During the process of development of quantitative graphics, five key concepts evolved in modern-day visualization. The first is that it is computer-based, the second is using visual representations and the third representing underlying data, which is mainly an abstraction rather than a true representation such as the image of a skull in X-ray. The challenge, therefore, is to choose the appropriate visualization.
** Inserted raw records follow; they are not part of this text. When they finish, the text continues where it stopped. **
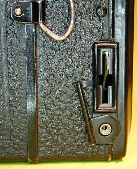 Rechts unten die Verriegelung des Auslösers, hier offen. Sie geht leicht von selber zu und dürfte so manchen Schnappschuß verhindert haben.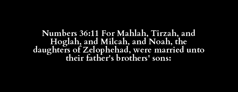 Numbers 36:11 For Mahlah, Tirzah, and Hoglah, and Milcah, and Noah, the daughters of Zelophehad, were married unto their father's brothers' sons: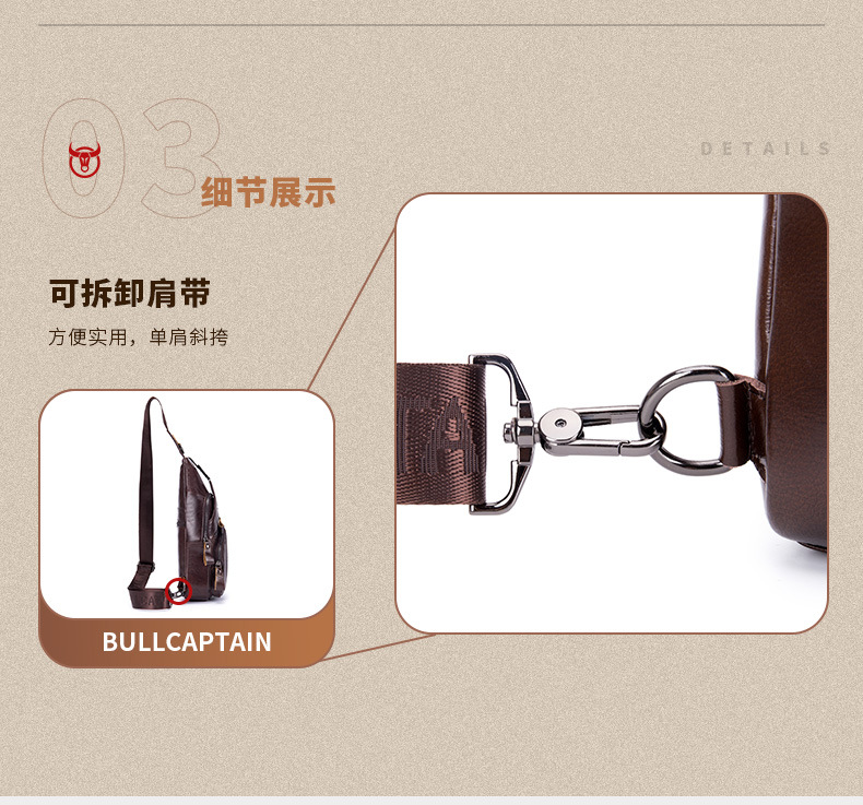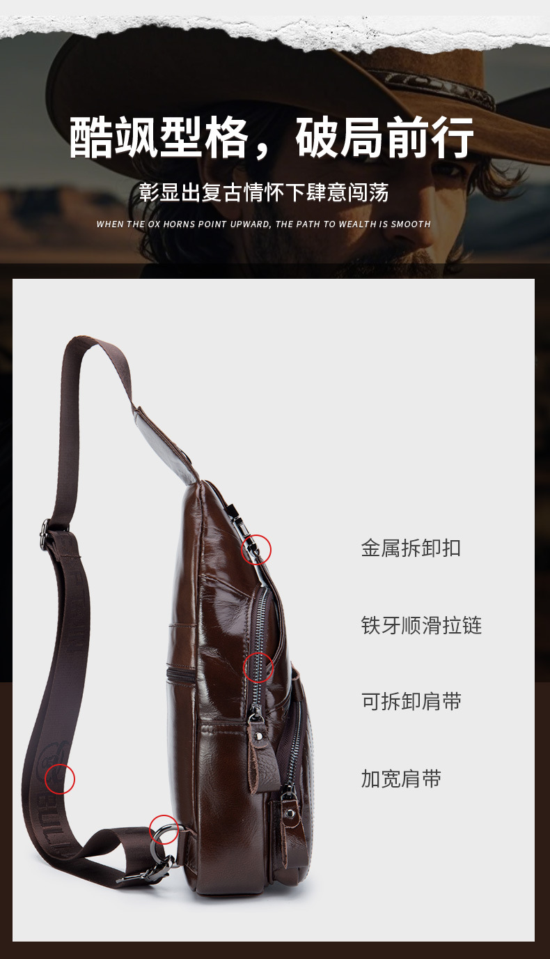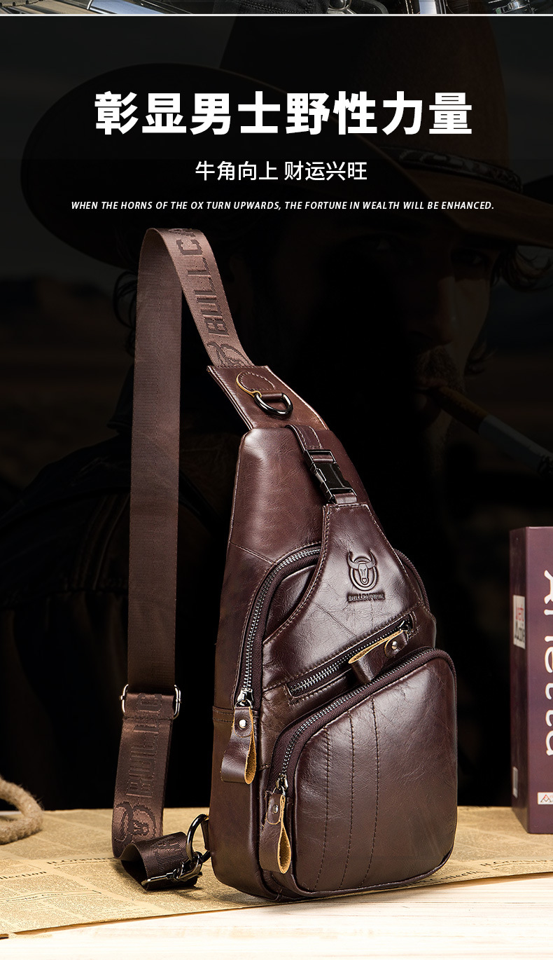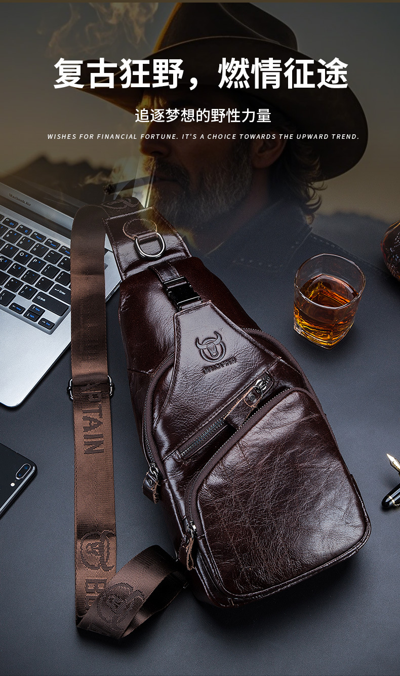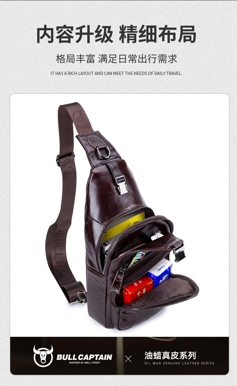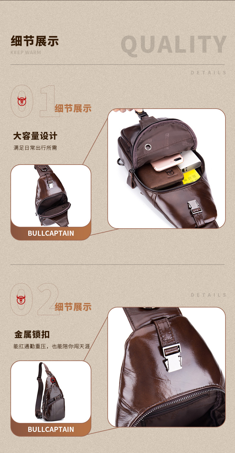 • Captain Niu's High-End Guangzhou Leather Shoulder Crossbody First-Layer Cowhide Men's Chest Bag Genuine Leather Tablet iPad Mobile Phone Bag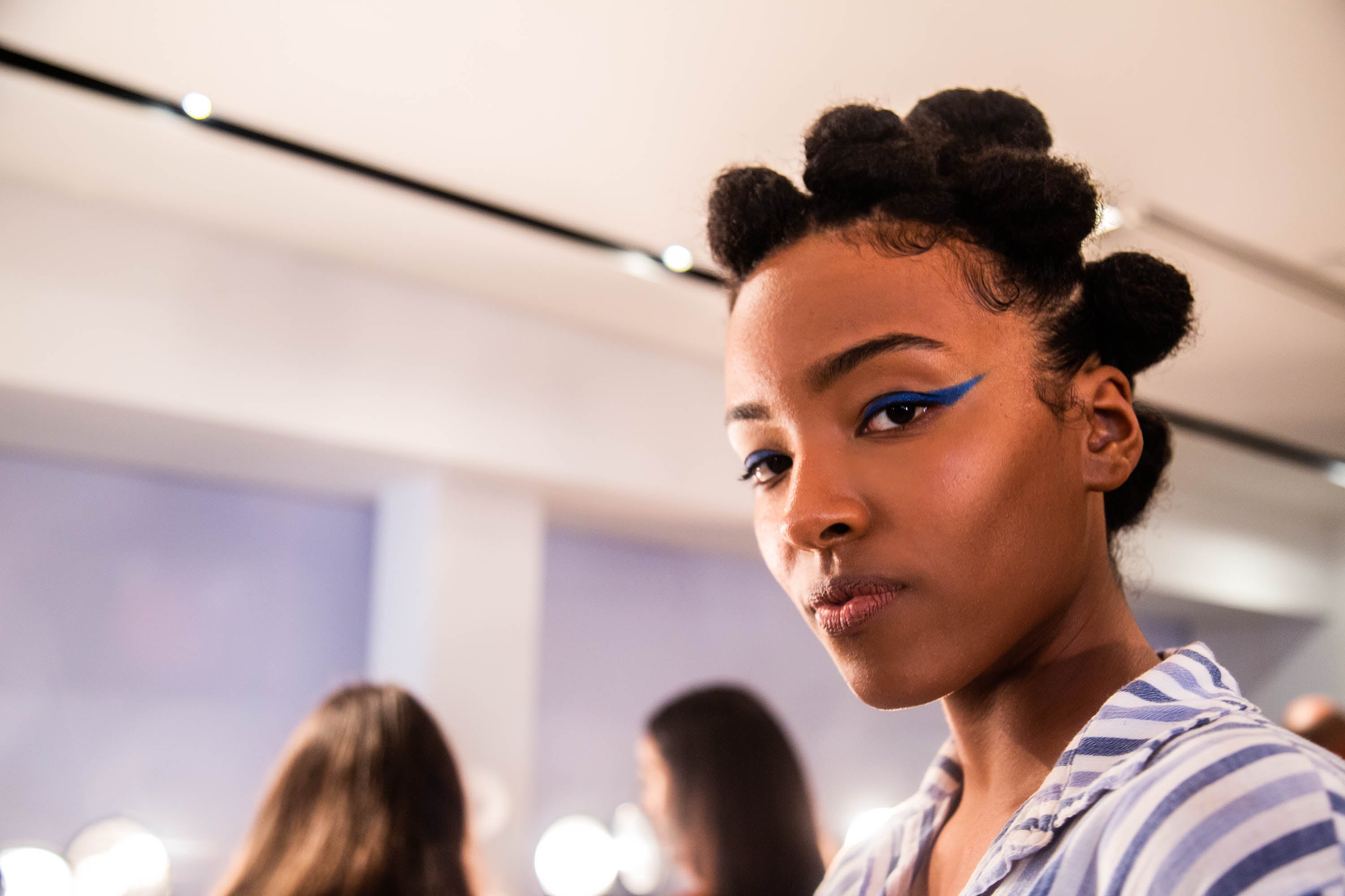 A model shows off her luminous skin and back of her curly ‘fro backstage.

The fourth concept is that data could be made interactive. Especially with large data the user could interact with the data to control or modify the visualization so that they can change not only what is visualized but also how it is done. The last concept is that the goal is to amplify cognition. This means the end-user can solve problems better by observing and understanding invisible patterns of data when it is tabular form. For this, we can use “cognitive artefacts” – tools such as pivot tables, filters, and slicers, through which the end-user can better understand the visualization and make their own interpretations. The following paragraphs describe cognitive artifacts and some other interactive visualization techniques with examples.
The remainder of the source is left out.